§ Data excerpt:
* * * * * * *
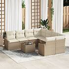 vidaXL 9-delar Trädgårdsofa Set med Kuddar Beige Poly Rattan
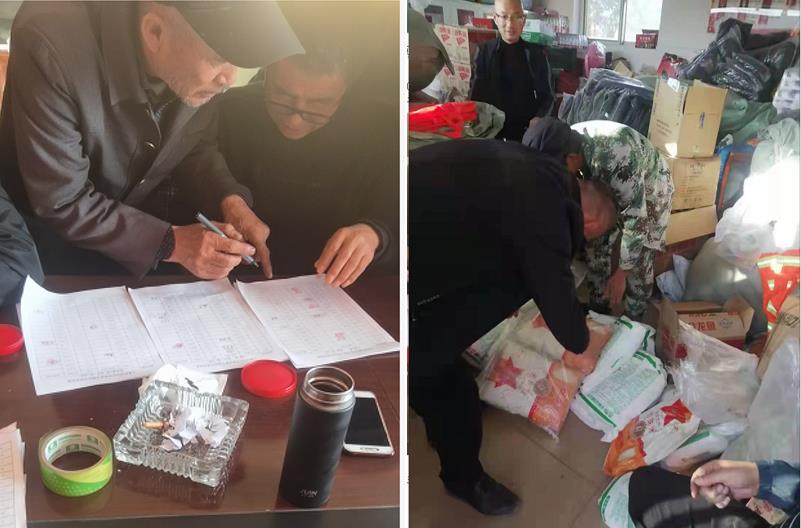 东张庄村与大堡村的村干部参加了捐赠物资的接收,并感谢北科大MBA的快速支援。在交接整理后,迅速将物资投入使用,分配给急需的村民,确保物资发放使用到位。
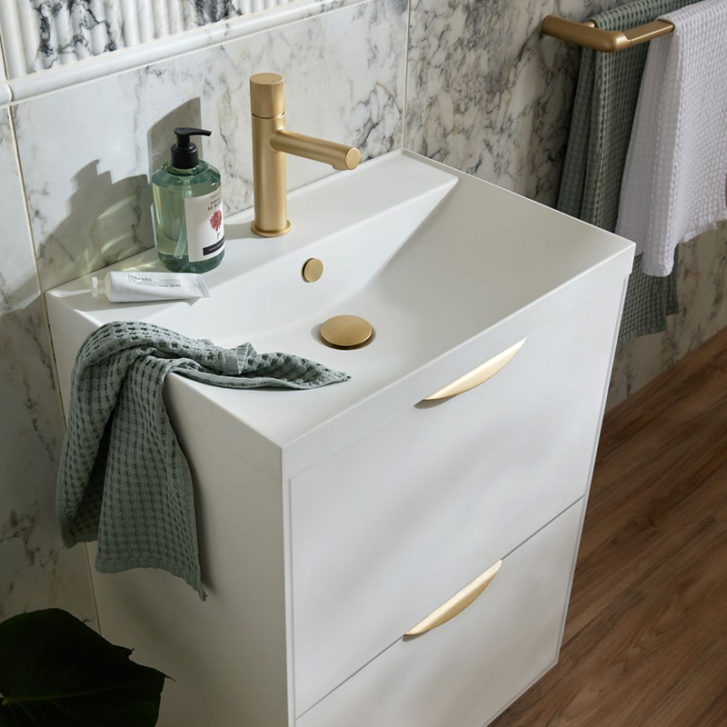 Safari prezentuje dwa różne, ale wzajemnie uzupełniające się style. Pierwszy to eleganckie baterie z dźwignią połączone z minimalistycznymi szafkami o fazowanych krawędziach, które tworzą ponadczasowy design oparty na prostych liniach i gładkich powierzchniach. Drugi styl charakteryzują baterie z ryflowanymi uchwytami, wprowadzające odważny, organiczny akcent do przestrzeni łazienkowej.
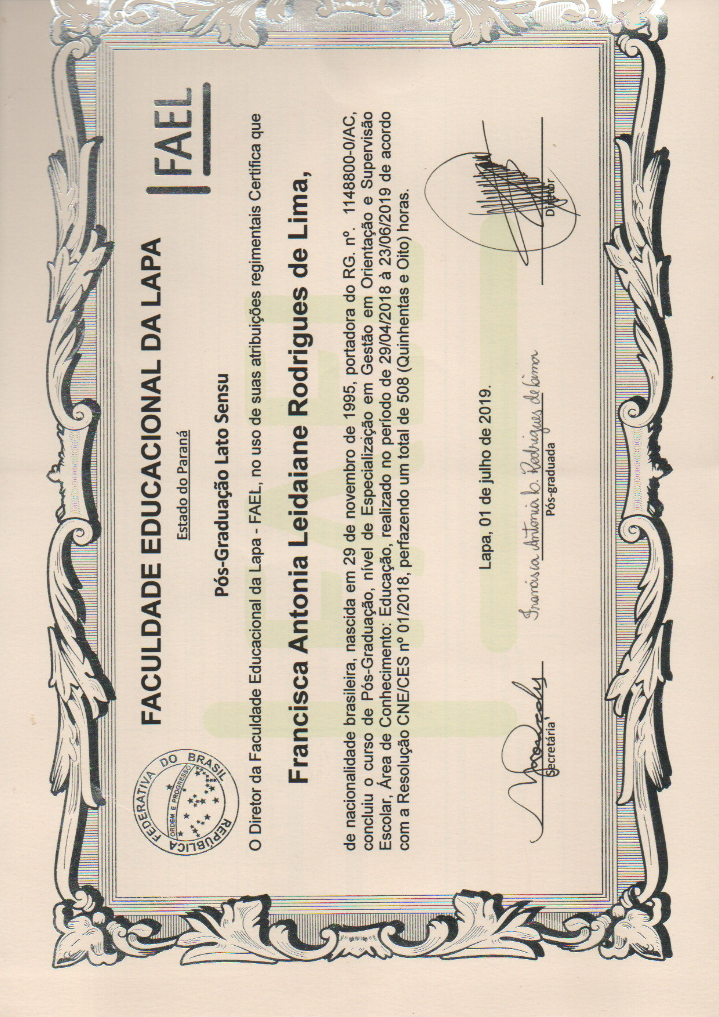 FEDERATIVA FACULDADE EDUCACIONAL DA LAPA ORDEM * E DO Estado do Paraná FAEL Pós-Graduação Lato Sensu o Diretor da Faculdade Educacional da Lapa - FAEL, no uso de suas atribuições regimentais Certifica que Francisca Antonia Leidaiane Rodrigues de Lima, de nacionalidade brasileira, nascida em 29 de novembro de 1995, portadora do RG. 1148800-0/AC concluiu o curso de Pós-Graduação, nível de Especialização em Gestão em Orientação e Supervisão Escolar, Área de Conhecimento: Educação, realizado no período de 29/04/2018 à 23/06/2019 de acordo com a Resolução CNE/CES 01/2018, perfazendo um total de 508 (Quinhentas e Oito) horas. Lapa, 01 de julho de 2019. Francisca Antonia Rodrigues de Pós-graduadaHISTÓRICO Disciplina CH Docente Titulação Nota Conc. Freq. Avaliação da Educação e da Aprendizagem 51 Ana Maria Soek Mestra 10,00 A 100% Didática 82 Líliam Maria Born Martinelli Mestra 10,00 A 100% Formação Docente para a Diversidade 30 Mirian Ramos Marques Pimentel Mestra 9,00 A 100% Gestão Educacional e Organização do Trabalho Pedagógico 28 Mônica Cristiane David Mestra 10,00 A 100% Gestão Educacional: direção, coordenação e supervisão 83 Mirian Ramos Marques Pimentel Mestra 10,00 A 100% Gestão Escolar 32 Eliana Claudia Graciliano Mestra 10,00 A 100% Legislação Educacional 30 Juliana Tortato Monteschio Mestra 9,00 A 100% Múltiplas Competências para os Profissionais da Educação 30 Maria de Lourdes Mazza De Farias Doutora 7,00 C 100% Princípios e Métodos de Supervisão e Orientação Educacional 52 Mônica Cristiane David Mestra 9,00 A 100% Metodologia da Pesquisa Científica 30 Uipirangi Franklin da Silva Camara Doutor 9,00 A 100% Carga Horária Título do Artigo Científico Livro de Registro: Disciplinas: 448 GESTÃO ESCOLAR NAS ESCOLAS RURAIS DA REGIONAL DOS IGARAPÉS DE PORTO Certificado registrado sob n° 8402 na TCC: 60 folha 481 do livro n° 05 da TOTAL: 508 WALTER- ACRE Faculdade Educacional da Lapa. Legenda Conceito A: 9,00 a 10,00 Conceito B: 8,00 a 8,90 Nota: 9,50 Conceito: A Orientador(a): Valter Zotto de Andrade Lapa,01 de julho de 2019. Conceito C: 7,00 a 7,90 Conceito D: Insuficiente Avaliação: Avaliação Interdisciplinar Nota: 7,00 o presente curso de Pós-Graduação Lato Sensu em nível de Especialização, cumpriu todas as disposições e normas da Resolução CNE/CES n° 01/2018 publicado no D.O.U n° 67 de 09/04/2018, seção 1 pg.43. FACULDADE EDUCACIONAL DA LAPA Recredenciamento para oferta de cursos em EAD: Diretor: Fabio Heinzen Fonseca Recredenciada pela Portaria n° 197 de 2016. Portaria 756 de 2017, publicada no D.O.U. Secretária: Márcia Helena Gonçales Publicada no D.O.U em 11 de Abril de 2016. em 23 de junho de 2017.
* * * * * * *
§ Task: Begin at the top of the material above and output each line exactly, stopping after the line that holds "Safari prezentuje dwa". Leave out pictures.

§ Response area:
 vidaXL 9-delar Trädgårdsofa Set med Kuddar Beige Poly Rattan
 东张庄村与大堡村的村干部参加了捐赠物资的接收,并感谢北科大MBA的快速支援。在交接整理后,迅速将物资投入使用,分配给急需的村民,确保物资发放使用到位。
 Safari prezentuje dwa różne, ale wzajemnie uzupełniające się style. Pierwszy to eleganckie baterie z dźwignią połączone z minimalistycznymi szafkami o fazowanych krawędziach, które tworzą ponadczasowy design oparty na prostych liniach i gładkich powierzchniach. Drugi styl charakteryzują baterie z ryflowanymi uchwytami, wprowadzające odważny, organiczny akcent do przestrzeni łazienkowej.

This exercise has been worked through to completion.